In addition, any work examining Napoleon necessarily must concern itself with his numerous battles throughout Europe and the Mediterranean. Here, again, Thompson comes up short. Napoleon's conquest of Italy between 1796 and 1797 reads like a sophomore's outline. The battle for Arcole, which was desperate and revealed the incompetence, war-weariness, and just plain fear of the French troops--even as it displayed Napoleon's willingness to take amazing personal risks--is described as follows: "The victory of Arcole (November 16th)--the climax of a fortnight's campaign against Wurmser's second attempt to raise the siege--made the ultimate fall of Mantua a foregone conclusion. . ." (p. 79). Not a word about how Napoleon grabbed the French flag and, with his staff officers, rushed the bridge over the river Alpone after his infantry had been repulsed owing to heavy Croatian and Austrian fire. Furthermore, many of Napoleon's battles took place in or around small villages, like Arcole, that few people have ever heard about, yet there is not a single map in the entire book.
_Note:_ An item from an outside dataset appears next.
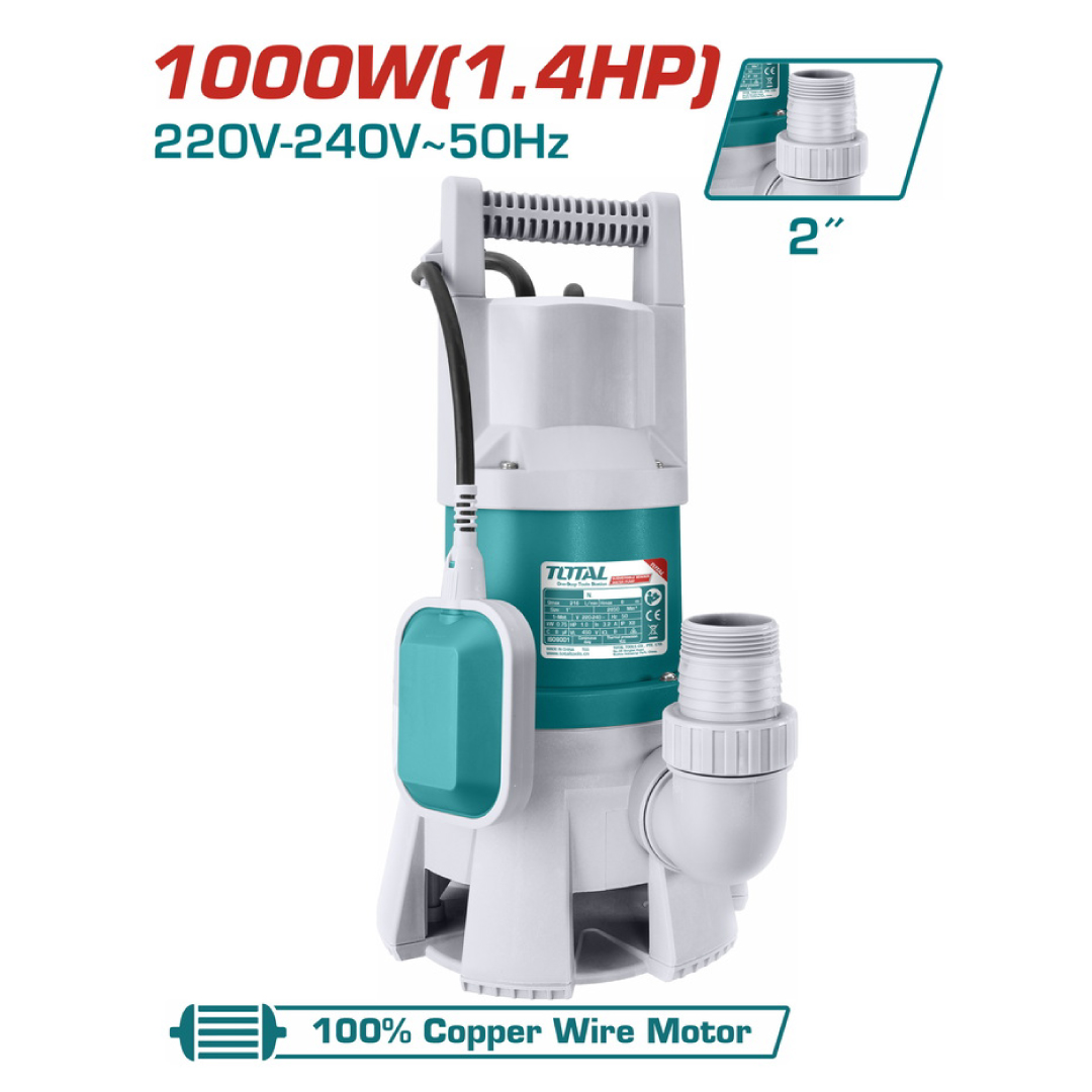 The TOTAL TWP810001 is built for heavy-duty water transfer and drainage tasks. Powered by a 1000W (1.4HP) motor, it delivers reliable pumping performance while maintaining energy efficiency.

Problems such as those noted above are compounded by Thompson's stiff, dismal prose. In 400 pages of tiny print about a man who was full of life to the end, there is not one sentence that captures the essence of Napoleon, not one sentence that causes the reader to smile in recognition. One could argue, I suppose, that a historical work published in 1952 conformed to different standards than what readers today expect. I would submit that such an argument is flawed. One need only look at the histories of Herodotus and Thucydides to recognize that the principles of good writing have not changed drastically over the centuries--and certainly not over the last 60 years. The simple fact is that this is an awful book that fails to do justice to its subject or to the art of writing about history.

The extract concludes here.